§ WHAT TO DO:
Look through the data below and output, unchanged, every line from the one holding "Anillo de compromiso" through the one holding "Cast in rubber, these", inclusive. Skip the pictures.

§ LISTED RECORDS:
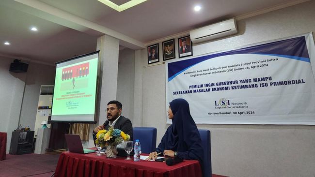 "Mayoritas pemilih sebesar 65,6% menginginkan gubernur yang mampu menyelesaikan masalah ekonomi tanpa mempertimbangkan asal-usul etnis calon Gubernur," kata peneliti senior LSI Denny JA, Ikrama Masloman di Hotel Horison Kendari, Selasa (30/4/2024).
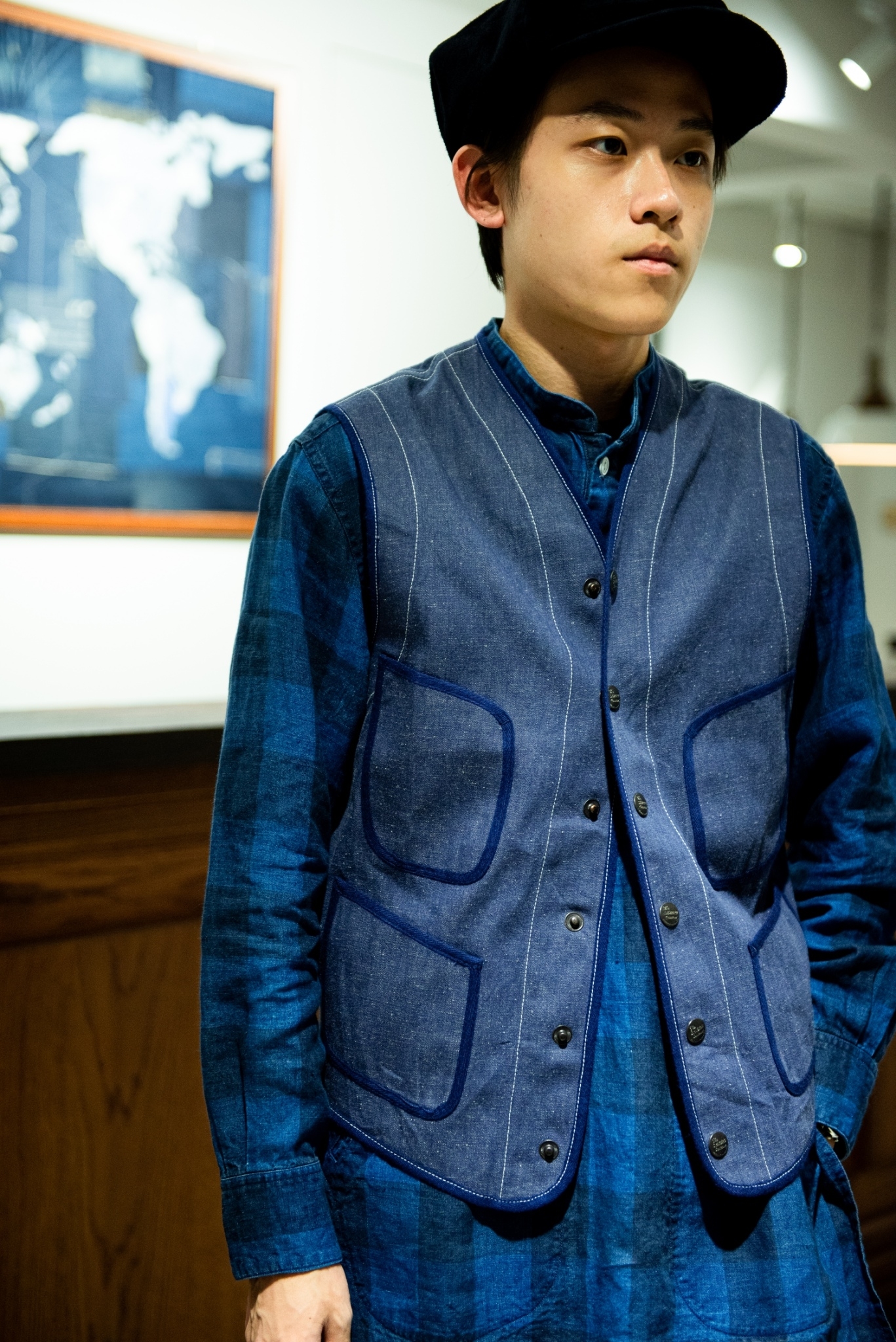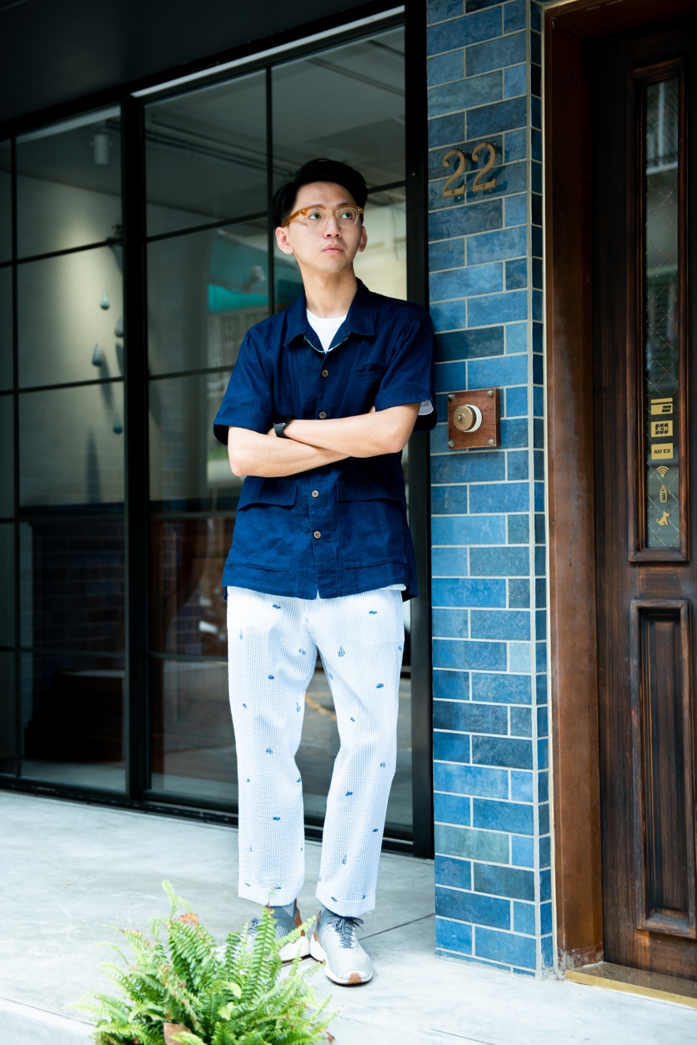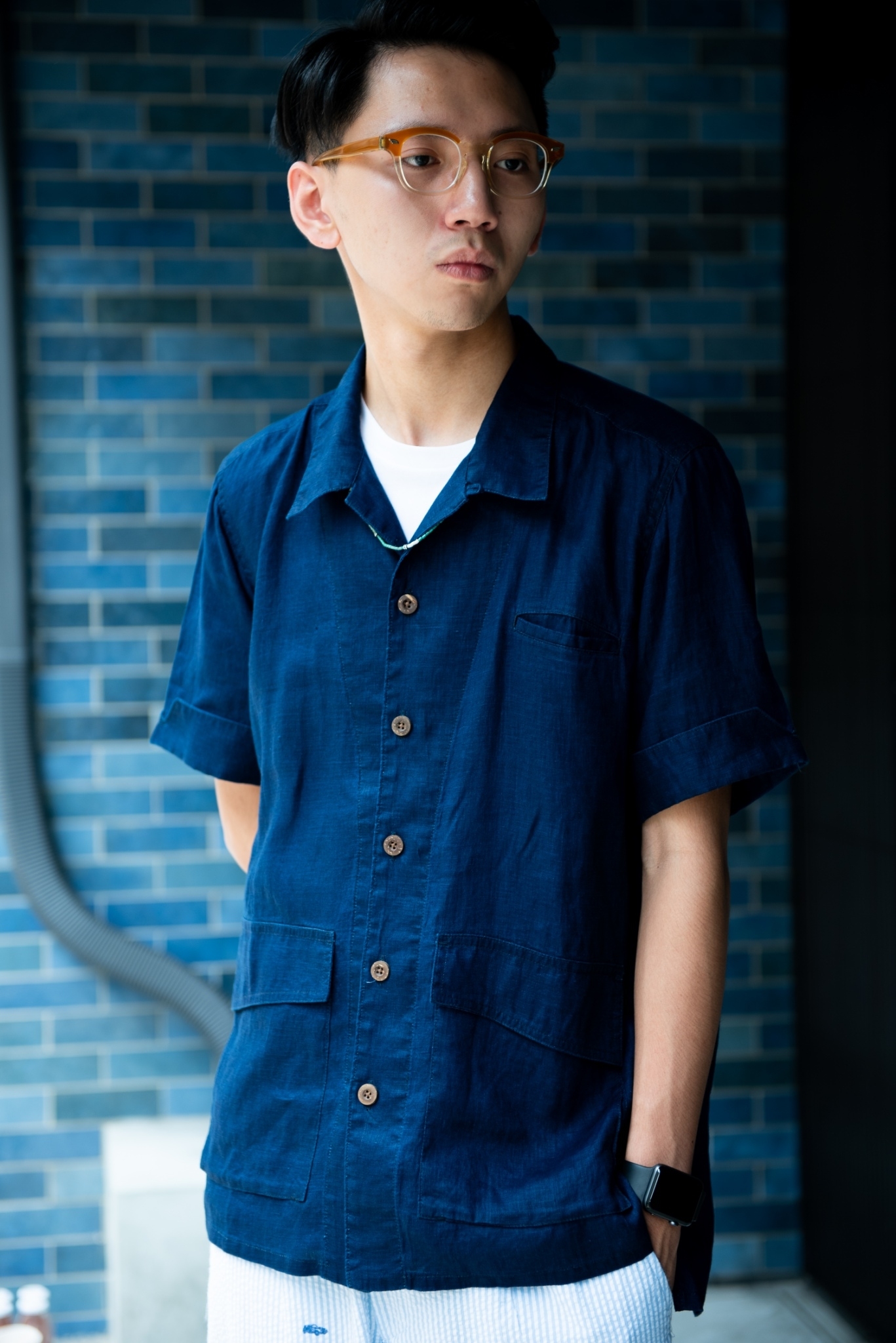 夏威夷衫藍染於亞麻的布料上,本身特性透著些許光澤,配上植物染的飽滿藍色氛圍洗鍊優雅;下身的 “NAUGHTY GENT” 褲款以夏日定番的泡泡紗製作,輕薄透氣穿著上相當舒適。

* * *

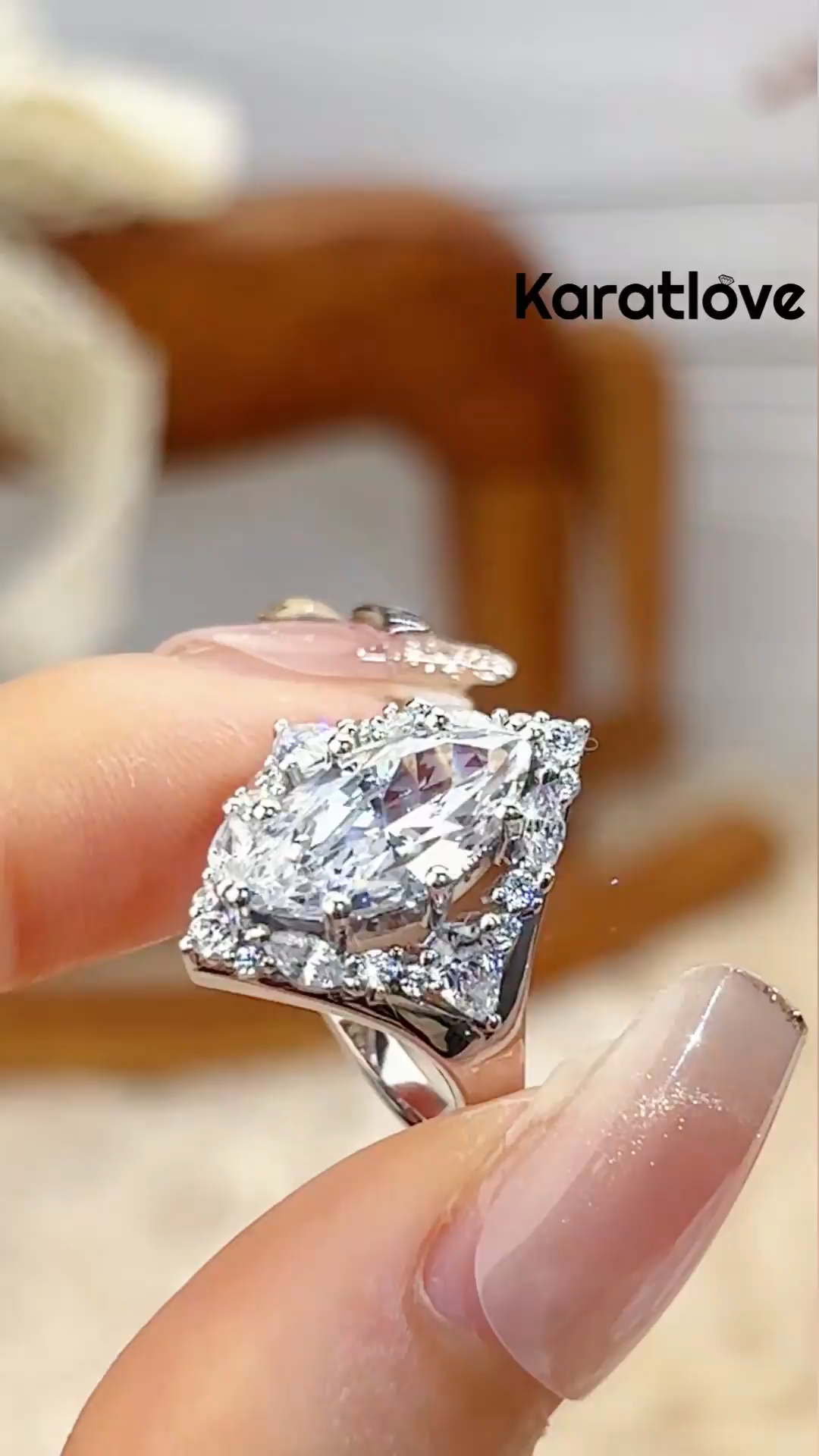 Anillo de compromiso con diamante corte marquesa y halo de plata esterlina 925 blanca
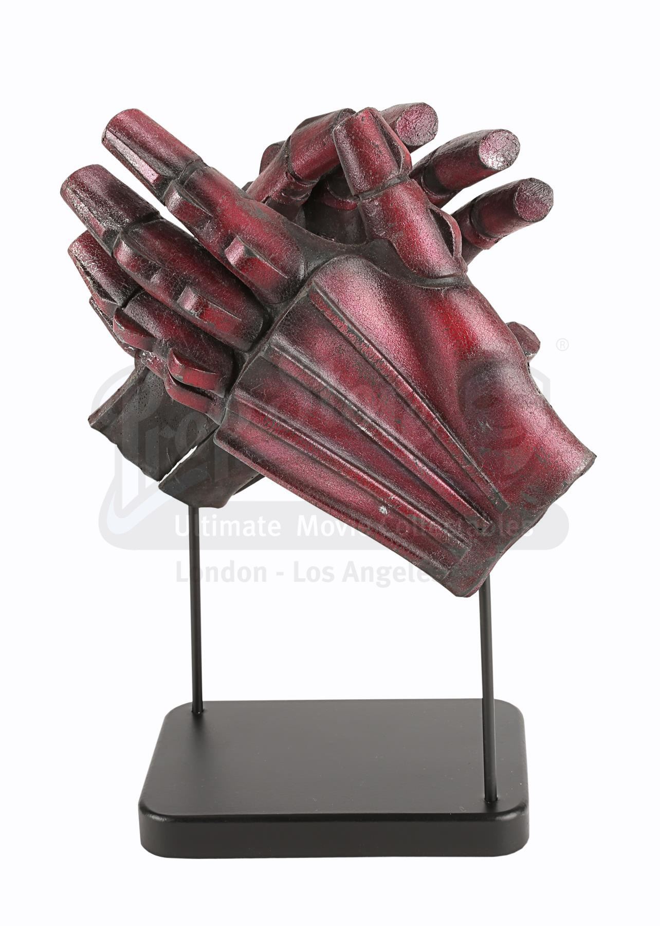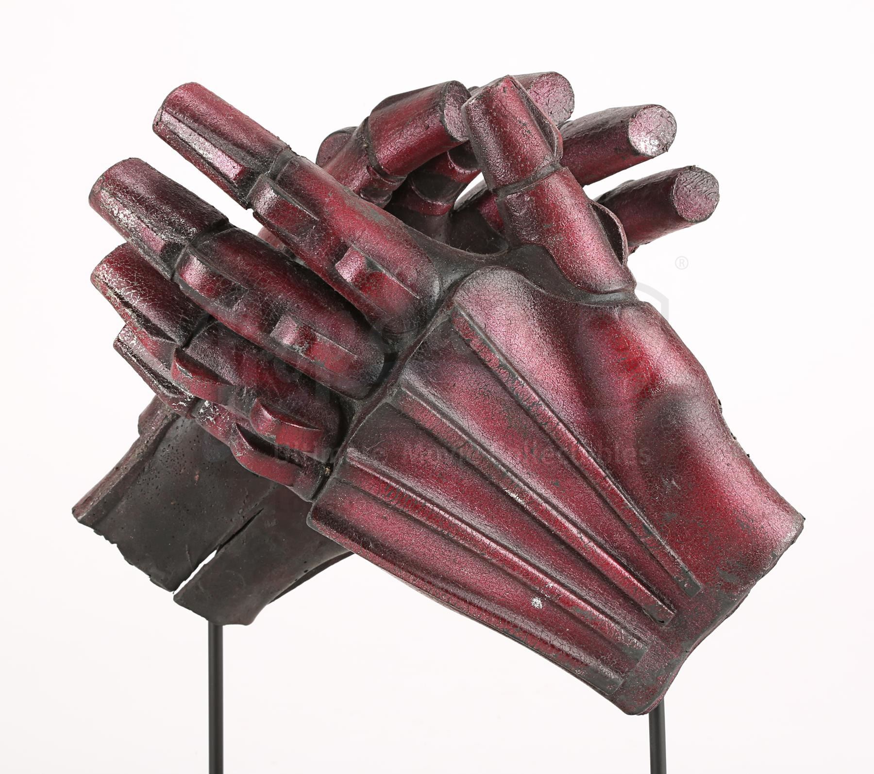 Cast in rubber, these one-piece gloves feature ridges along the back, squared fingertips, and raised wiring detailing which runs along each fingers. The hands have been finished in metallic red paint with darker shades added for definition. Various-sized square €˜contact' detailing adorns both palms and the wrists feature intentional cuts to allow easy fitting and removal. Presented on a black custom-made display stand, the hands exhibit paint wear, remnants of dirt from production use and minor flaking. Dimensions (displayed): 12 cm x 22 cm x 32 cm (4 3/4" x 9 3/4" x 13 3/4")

§ ANSWER TO THIS EXERCISE:
 Anillo de compromiso con diamante corte marquesa y halo de plata esterlina 925 blanca
 Cast in rubber, these one-piece gloves feature ridges along the back, squared fingertips, and raised wiring detailing which runs along each fingers. The hands have been finished in metallic red paint with darker shades added for definition. Various-sized square €˜contact' detailing adorns both palms and the wrists feature intentional cuts to allow easy fitting and removal. Presented on a black custom-made display stand, the hands exhibit paint wear, remnants of dirt from production use and minor flaking. Dimensions (displayed): 12 cm x 22 cm x 32 cm (4 3/4" x 9 3/4" x 13 3/4")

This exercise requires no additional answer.